Laulii is a village on the eastern side of Tutuila Island in American Samoa. It is located in Sua County. Entering the village of Laulii, one has to climb a small hill where a lighthouse is located. The village's rugby club is named after the lighthouse — Moli ole Ava. It is one of the most successful and oldest clubs in the territory. Many well-known players have emerged from Laulii, such as Vui Eli Tagaloa, the current coach, Ropeti Taula, and others. The village is divided into two sections: Lauliituai (Old Town) and Lauliifou (New Laulii).As of Late 2020 there are 6 Christian Worship Churches in Laulii. The Methodist, The Catholic, The London Missionary Society, Church, Assembly of God, Church of Christ  Latter Day Saints Laulii Ward, Saint John's Episcopal Church.     Breakers Point Naval Guns, which is listed on the U.S. National Register of Historic Places is located at Tafananai near Lauliifou. 

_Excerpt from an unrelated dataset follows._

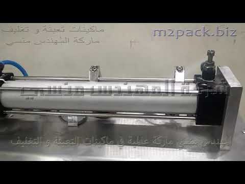فيديو مكينة تعبئة سوائل ذات لزوجة مختلفة وخصائص رغوة مختلفة من 50 مل إلي 300 مل بنظام كمبروسر هواء كود 404 ماركة مهندس منسي
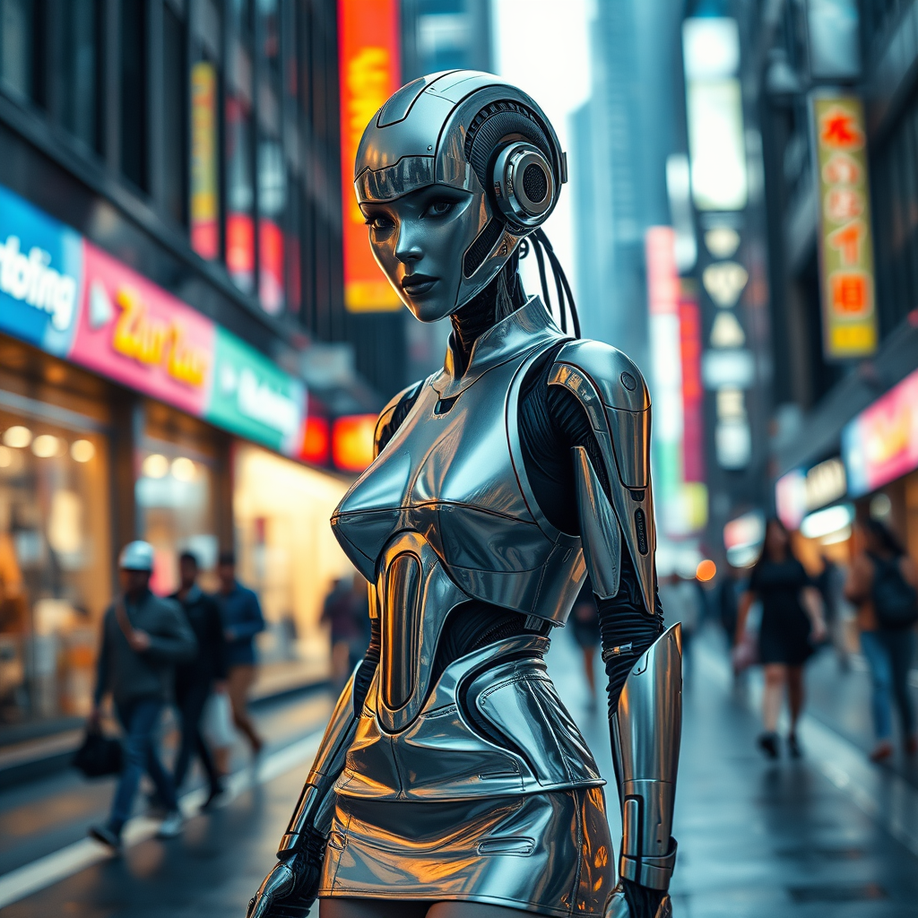 A futuristic scene featuring a cyborg with a sleek, shiny silver metal body walking confidently on a bustling city street, wearing a stylish mini skirt. The android's faceless design reflects the urban lights, while its piercing features draw the viewer in for a closer look. The image is captured in a portrait style, showcasing detailed, photo-realistic skin and intricate textures. The scene is brought to life with 8k clarity and high detail, utilizing diffused soft lighting and a shallow depth of field for a sharp, hyper-realistic focus. Cinematic lighting enhances the mood, creating a dynamic, immersive setting. Despite the hyperrealism, subtle artistic elements add a unique, creative twist, ensuring an intriguing visual narrative free from any imperfections such as artifacts or distortions.

Laulii had a population of 892 residents as of the 2010 U.S. Census, down from 937 residents recorded in 2000.

History
In 1901, a meeting was held at Laulii in the honor of Benjamin Franklin Tilley, where Mrs. Tilley had the distinction of turning the first sod of the road planned to connect Laulii with Fagaitua. The road received the name William McKinley Memorial Road.

On May 6, 2018, a new Church of Jesus Christ of Latter-day Saints congregation was established in Laulii. Prior to its formation, LDS church members joined with fellow LDS members in Auto to worship.